Contrary to his alleged indictment in a report by the House of Representatives on the mater, Adoke said that the advertised report in the media was off the mark as it failed to take into account the role played by the Federal Government in resolving a long standing business fued.

He said that his actions were informed by government’s policy of encouraging indigenous participation in the oil and gas sector.

According to Adoke, though the dispute between Malabu and Shell predates his tenure in office, records have shown that “the Federal Government in furtherance of its Indigenous Exploration Programme Policy introduced in the early 1990s to encourage effective development of indigenous capability in the upstream sector of the oil industry, allocated Oil Blocks to indiginous Oil and Gas Companies which they were expected to develop in partnership with international oil companies as Technical Partners.”

He stated that Malabu Oil and Gas company was allocated OPL 245 in April, 1998 and that it later contacted Shell as its Technical Partner but that when the oil block was revoked in 2001, Shell went behind and got re-awarded the oil block, leading to seemingly endless litigations.

“Although, Malabu was issued a licence for Block 245 in April 2001, the same licence was subsequently revoked by the Federal Government on 2nd July, 2001. Exxon-Mobil and Shell were then invited in April 2002 to bid for OPL 245, despite the existence of subsisting contractual agreements between Malabu and SNUD with respect to OPL 245. Malabu was dissatisfied with the revocation and contended that the circumstances leading to the revocation of its licence on Block 245 was less than transparent and smacked of inducement and connivance from SNUD, which at the material time was its technical partner”.

The Minister stated that Malabu had contended that the subsequent re-award of OPL 245 to Shell by the Federal Government was done under questionable circumstances.

He stated that whereas a report of the House of Representatives which probed the transaction at the initial stages had confirmed Malabu as the rightful owner and recommended the return of oil block to its, recent claims being attributed to the current House of Representatives were off the mark.

“It is important to note that the House of Representatives Committee on Petroleum found no rational basis for the revocation and reprimanded Shell for its complicity. The Committee also directed the Federal Government to withdraw the re-award it made to Shell and return OPL 245 to Malabu, the original allotee of the Block.”

Adoke stated that while all entreaties appeared to be falling on deaf ears, the administration of President Goodluck Jonathan decided to intervene in 2010 to resolve the outstanding trade dispute by serving as intermediary.

He said that Malabu had petitioned the government and drawn its attention to the long standing dispute.

The statement read: “To resolve all the contending claims in a satisfactory and holistic manner, due regard was given to the Terms of Settlement of 30th November 2006 which had been reduced to Orders of the Court, the underlying policy of encouraging the participation indigenous oil and gas companies in the upstream sector of the oil industry and the fact that Shell had substantially de-risked Block 245.

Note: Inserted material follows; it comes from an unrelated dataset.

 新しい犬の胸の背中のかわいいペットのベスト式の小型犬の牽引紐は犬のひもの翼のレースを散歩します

“To accommodate all these interests, a Resolution Agreement dated 29th April, 2011 between the Federal Government of Nigeria and Malabu Oil & Gas Limited was executed wherein the FGN agreed to resolve all the issues with Malabu in respect of Block 245 amicably and Malabu also agreed that in consideration of receiving compensation from the FGN it would settle and waive any and all claims to any interest in OPL 245.”

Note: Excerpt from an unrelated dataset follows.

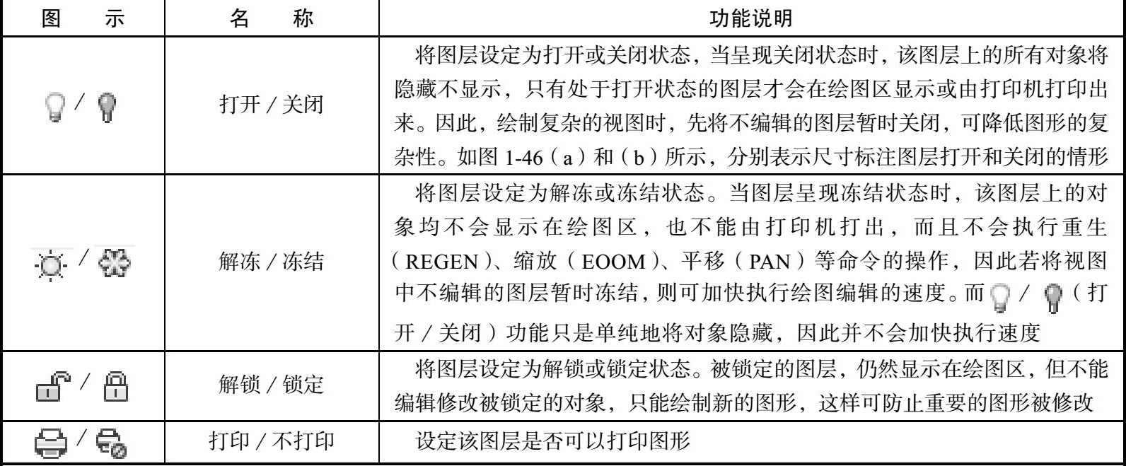 ③ 状态转换图标:在“图层特性管理器”对话框的图层列表中有一列图标,单击这些图标,可以打开或关闭该图标所代表的功能。各图标功能说明如表1-1所示。
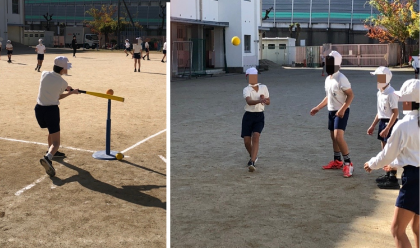 5年生の体育です。ティーボールのゲームです。攻撃も守備もずいぶん上達しました。みんな楽しそうでした。

It added that the role played by the Attormey General was that of a facilitator of the resolution.

“It is therefore quite evident from the foregoing that the role played by the Federal Government, its agencies and officials in relation to Block 245 was essentially that of facilitator of the resolution of a long standing dispute between Malabu and SNUD over the ownership and right to operate Block 245. At all times material to the resolution of the dispute, the Federal Government was not aware of any subsisting third party interest in Malabu’s claim to OPL 245 and neither did any person or company apply to be joined in the negotiations as an interested party until the resolution of the dispute was concluded”.

The Minister wondered why a business transaction involving some shareholders would take the attention of the House to the extent of passing a resolution.

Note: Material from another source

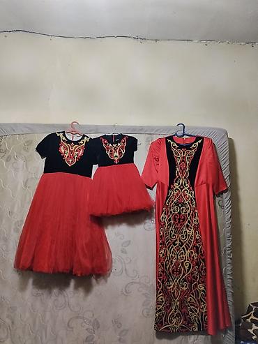 - Детские платья (2 шт.): верх из чёрной ткани с таким же орнаментом на груди; пышные многоярусные красные юбки из фатина/сетки, короткие рукава. Размеры ориентировочно для девочек разного возраста (одно больше, другое меньше).

He concluded: “We know those who have compromised their positions in order to author the alleged ‘Report’ and their theatrical display for public gallery. We also know those secretly beating the drums for masquerades dancing in the market square. We shall confront them at the appropriate forum. How else can one explain why the ownership of shares in a private company would generate sufficient interest among members of the legislature so as to merit a resolution of a Committee that certain persons or companies are entitled to ownership of shares in a private company, when the courts are the appropriate venue for the ventilation of such disputes between share holders (if any).”

. Nigerian Tribune.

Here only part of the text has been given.